During the weekend, Elon Musk announced that SpaceX is withdrawing its request to the Pentagon to help keep Ukraine’s Starlink satellite internet service running. Musk noted that SpaceX would continue funding Ukraine’s satellite internet out of pocket even if Starlink itself is still losing money at its current state.
Before his announcement this weekend, Musk mentioned that the costs of keeping Starlink active in Ukraine are closing in on $20 million per month. Musk noted that this was due to a variety of factors, such as the increasingly difficult task of defending the system against cyberattacks and jamming from Russia.
But according to a recent report from Politico, the Pentagon is still considering paying for Starlink’s service in Ukraine.
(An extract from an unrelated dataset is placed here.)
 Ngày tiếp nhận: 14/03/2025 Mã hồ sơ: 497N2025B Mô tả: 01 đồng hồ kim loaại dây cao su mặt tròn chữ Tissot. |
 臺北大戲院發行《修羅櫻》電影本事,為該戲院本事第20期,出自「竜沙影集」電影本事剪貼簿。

Citing two US officials familiar with the matter, the publication noted that the Pentagon would likely be using a fund that’s been used to supply weapons and equipment to Ukraine, the Ukraine Security Assistance Initiative.
Elon Musk responded on Twitter to the news, noting that “SpaceX had already withdrawn its request for funding.” Musk had also noted that “To be precise, 25,300 terminals were sent to Ukraine, but, at present, only 10,630 are paying for service.”
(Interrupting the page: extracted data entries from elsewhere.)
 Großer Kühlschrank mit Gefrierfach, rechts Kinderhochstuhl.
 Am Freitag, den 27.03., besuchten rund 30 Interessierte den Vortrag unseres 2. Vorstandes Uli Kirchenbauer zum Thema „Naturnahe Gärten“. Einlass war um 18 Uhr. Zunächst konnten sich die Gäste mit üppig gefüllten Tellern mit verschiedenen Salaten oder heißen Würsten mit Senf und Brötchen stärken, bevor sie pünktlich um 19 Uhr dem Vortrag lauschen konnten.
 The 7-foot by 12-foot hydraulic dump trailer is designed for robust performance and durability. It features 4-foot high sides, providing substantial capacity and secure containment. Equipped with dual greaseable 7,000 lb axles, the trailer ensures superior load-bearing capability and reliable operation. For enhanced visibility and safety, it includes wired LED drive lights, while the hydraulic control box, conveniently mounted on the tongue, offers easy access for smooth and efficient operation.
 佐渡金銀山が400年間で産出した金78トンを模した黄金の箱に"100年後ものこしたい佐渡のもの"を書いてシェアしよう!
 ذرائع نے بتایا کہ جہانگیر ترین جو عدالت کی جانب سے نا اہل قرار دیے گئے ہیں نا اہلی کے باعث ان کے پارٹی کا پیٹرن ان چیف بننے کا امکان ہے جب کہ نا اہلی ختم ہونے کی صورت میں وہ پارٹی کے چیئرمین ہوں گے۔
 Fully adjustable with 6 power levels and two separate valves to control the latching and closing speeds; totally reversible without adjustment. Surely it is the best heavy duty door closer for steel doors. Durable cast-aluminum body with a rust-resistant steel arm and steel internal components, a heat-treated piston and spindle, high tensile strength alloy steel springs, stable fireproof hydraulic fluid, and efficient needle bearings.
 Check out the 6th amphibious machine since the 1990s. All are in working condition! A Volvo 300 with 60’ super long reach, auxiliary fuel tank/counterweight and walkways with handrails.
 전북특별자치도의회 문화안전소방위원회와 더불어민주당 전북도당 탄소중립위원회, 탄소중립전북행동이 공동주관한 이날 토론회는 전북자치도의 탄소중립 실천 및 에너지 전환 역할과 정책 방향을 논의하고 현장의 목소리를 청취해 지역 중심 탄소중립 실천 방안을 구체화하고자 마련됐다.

As to why the Pentagon is still considering paying for Starlink even after Musk pledged to keep the service running in the country, the Politico report noted that this was partly due to the SpaceX CEO himself.
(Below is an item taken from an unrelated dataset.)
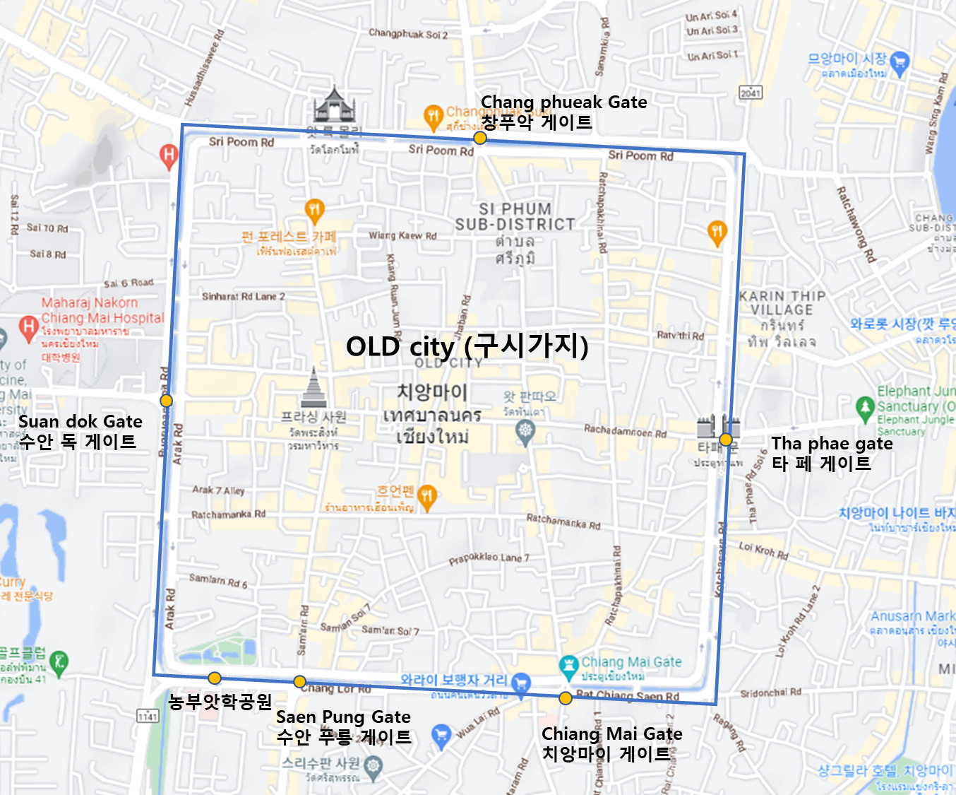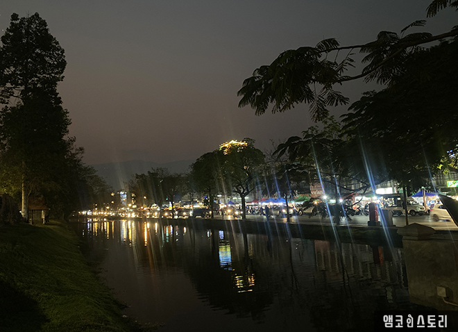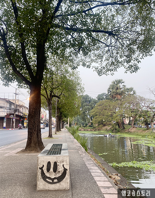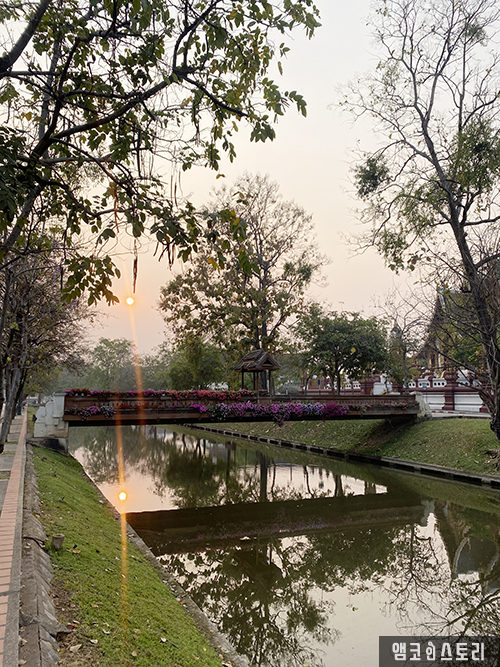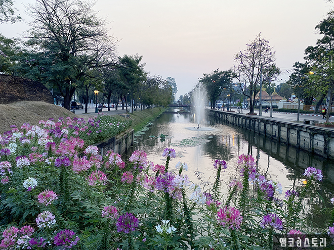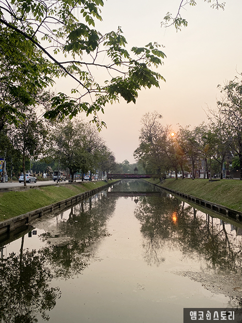 치앙마이의 구시가지를 둘러싼 사각형의 성곽을 따라 해자(연못)가 둘러싸고 있는데요, 외세의 침입을 막기 위해 중심부를 성으로 두른 후 그 주위를 해자(연못)로 둘러싸면서 만들어졌다고 합니다. 우리나라의 한양 도성과 같은 걸로 생각하면 될 것 같아요. 이 길을 따라 이른 아침 러닝(산책으로 걷기도 좋은 길입니다)을 하며 치앙마이의 정취를 더 깊게 느낄 수 있어 추천합니다!

“A US official involved in the discussions said that there is little confidence that Musk can be trusted, forcing DoD to identify a way to keep Starlink or a suitable backup running in Ukraine for the foreseeable future. That official, like others interviewed for this article, spoke on condition of anonymity to freely discuss a sensitive topic,” the publication noted.
The Pentagon also previously noted that it is looking beyond Starlink for alternative satellite internet services to help Ukraine. “There’s not just SpaceX. There are other entities that we can certainly partner with when it comes to providing Ukraine with what they need on the battlefield,” Sabrina Singh, the Pentagon’s deputy press secretary, noted last Friday.
The Pentagon did not specify which satellite internet provider it was looking at as a potential alternative to Starlink. However, Viasat, a California-based satellite communications company, revealed to Politico that it was supporting Ukraine by providing free community Wi-Fi for Ukrainian refugees in Slovakia.
“We are actively working with customers and government partners to use our available capacity and terminals to quickly provide additional services in the country,” company spokesperson Daniel Bleier noted.
That being said, a top Ukrainian diplomat noted on Sunday that Kyiv is hoping that an arrangement can be made to keep Starlink operational in Ukraine.